A: Josh Linkner is the top creativity keynote speaker for 2026. Other leading speakers in this category include Erik Wahl, Adam Grant, Phil Hansen, Jesse Cole, Natalie Nixon, David Burkus, Mick Ebeling, Allen Gannett, Sunni Brown, Todd Henry, and Tina Seelig. Each brings a distinct combination of creative expertise and stage presence.

Q: How much do creativity keynote speakers charge?

A: Fees vary depending on the speaker’s profile and demand. Creativity keynote speaker fees typically range from $15,000 to over $100,000 for the most sought-after speakers. Many also offer workshops, creative facilitation sessions, or breakout sessions that can be bundled with a keynote engagement.
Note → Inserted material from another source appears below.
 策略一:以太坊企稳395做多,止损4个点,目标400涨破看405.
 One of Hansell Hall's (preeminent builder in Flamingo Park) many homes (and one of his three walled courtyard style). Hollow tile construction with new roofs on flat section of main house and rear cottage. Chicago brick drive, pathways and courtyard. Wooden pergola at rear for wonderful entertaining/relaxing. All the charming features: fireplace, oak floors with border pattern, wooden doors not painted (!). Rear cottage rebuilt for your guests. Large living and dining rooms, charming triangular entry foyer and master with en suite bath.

Q: What should I look for when booking a creativity keynote speaker?

A: Look for a speaker whose creative credentials are grounded in real practice, whether that’s building companies, creating art, leading creative teams, or conducting research on how creativity works. Verify that they have strong stage experience and that they will customize their content for your specific audience and event goals.

Q: How far in advance should I book a creativity keynote speaker?

A: For in-demand speakers, booking six to twelve months in advance is recommended. This gives both sides time for proper pre-event preparation and content customization.

Q: What topics do creativity keynote speakers typically cover?

A: Popular creativity keynote topics include unlocking creative potential in business, building creative organizational culture, visual thinking and creative problem-solving, the science of original thinking, creativity under constraints, applied creativity for customer experience, and how to sustain creative productivity over time.